- UEC European Champion jersey
- Venue: Vélodrome Amédée Détraux, Baie-Mahault
- Date: 15-16 October
- Competitors: 57 from 13 nations

Medalists
| gold medal | Ed Clancy Jon Dibben Owain Doull Andy Tennant | Great Britain |
| silver medal | Henning Bommel Theo Reinhardt Nils Schomber Kersten Thiele Leon Rohde | Germany |
| bronze medal | Alexey Kurbatov Evgeny Kovalev Ivan Kovalev Alexander Serov Artur Ershov | Russia |

= 2014 UEC European Track Championships – Men's team pursuit =

The Men's team pursuit was held on 15–16 October 2014.

==Results==
===Qualifying===
The fastest 8 teams qualify for the first round, from which the top 4 remain in contention for the gold medal final and the other 4 for the bronze medal final.
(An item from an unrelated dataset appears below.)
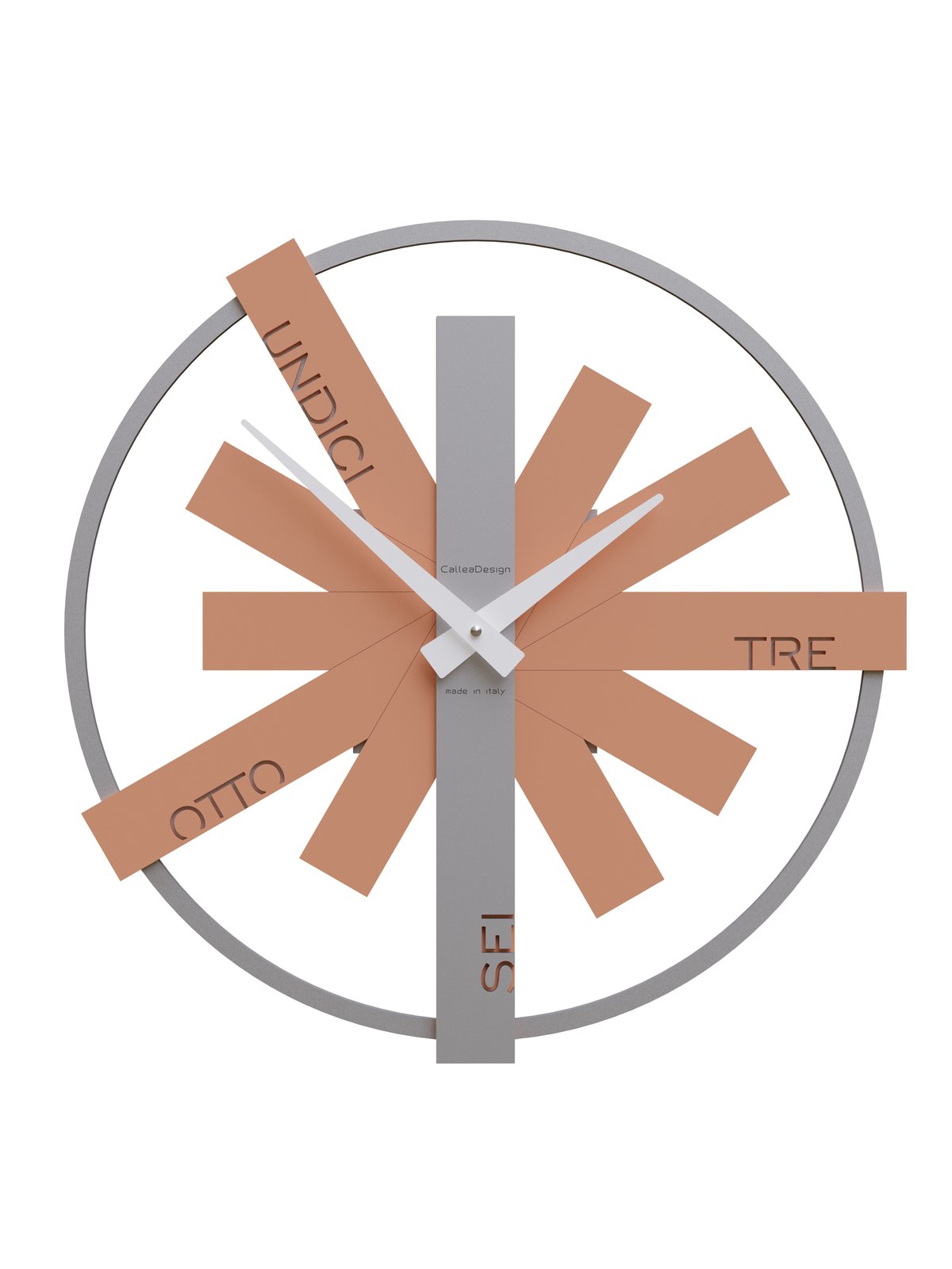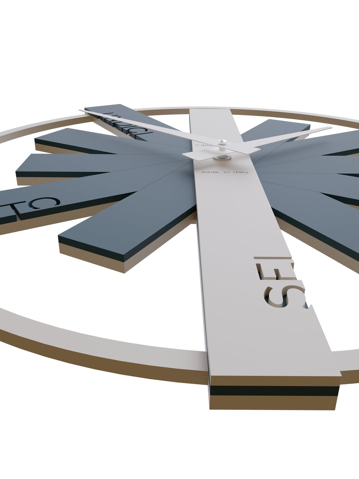 The Astra wall clock is distinguished by a geometric and sculptural aesthetic, combining modernity and creativity in a unique design. The central structure expands into asymmetrical spokes that serve as numerals, each of which is characterised by a minimalist and linear design, lending dynamism and originality to the dial.

| Rank | Name | Nation | Time | Notes |
|---|---|---|---|---|
| 1 | Ed Clancy Jon Dibben Owain Doull Andy Tennant | Great Britain | 4:12.022 | Q |
| 2 | Henning Bommel Leon Rohde Nils Schomber Kersten Thiele | Germany | 4:13.975 | Q |
| 3 | Artur Ershov Evgeny Kovalev Ivan Kovalev Alexander Serov | Russia | 4:14.856 | Q |
| 4 | Olivier Beer Tom Bohli Frank Pasche Loïc Perizzolo | Switzerland | 4:15.607 | Q |
| 5 | Dion Beukeboom Roy Eefting Wim Stroetinga Tim Veldt | Netherlands | 4:15.997 | q |
| 6 | Fabien Le Coguic Julien Morice Louis Pijourlet Benjamin Thomas | France | 4:17.642 | q |
| 7 | Liam Bertazzo Alex Buttazzoni Marco Coledan Elia Viviani | Italy | 4:19.030 | q |
| 8 | Roman Gladysh Vitaliy Hryniv Roman Shevchuk Maksym Vasyliev | Ukraine | 4:19.305 | q |
| 9 | Andres Holm Casper von Folsach Casper Pedersen Rasmus Quaade | Denmark | 4:20.601 |  |
| 10 | Siarhei Papok Raman Ramanau Hardzei Tsishchanka Raman Tsishkou | Belarus | 4:21.321 |  |
| 11 | Sebastián Mora David Muntaner Eloy Teruel Albert Torres | Spain | 4:21.444 |  |
| 12 | Dominique Cornu Kenny De Ketele Moreno De Pauw Otto Vergaerde | Belgium | 4:22.757 |  |
| 13 | Cormac Clarke Martyn Irvine Ryan Mullen Javan Nulty | Ireland | DNF |  |

- Q = qualified; in contention for gold medal final
- q = qualified; in contention for bronze medal final

===First round===
First round heats are held as follows:

Heat 1: 6th v 7th qualifier

Heat 2: 5th v 8th qualifier

Heat 3: 2nd v 3rd qualifier

Heat 4: 1st v 4th qualifier

The winners of heats 3 and 4 proceed to the gold medal final.
The remaining 6 teams are ranked on time, then proceed to the finals for bronze, 5th or 7th place.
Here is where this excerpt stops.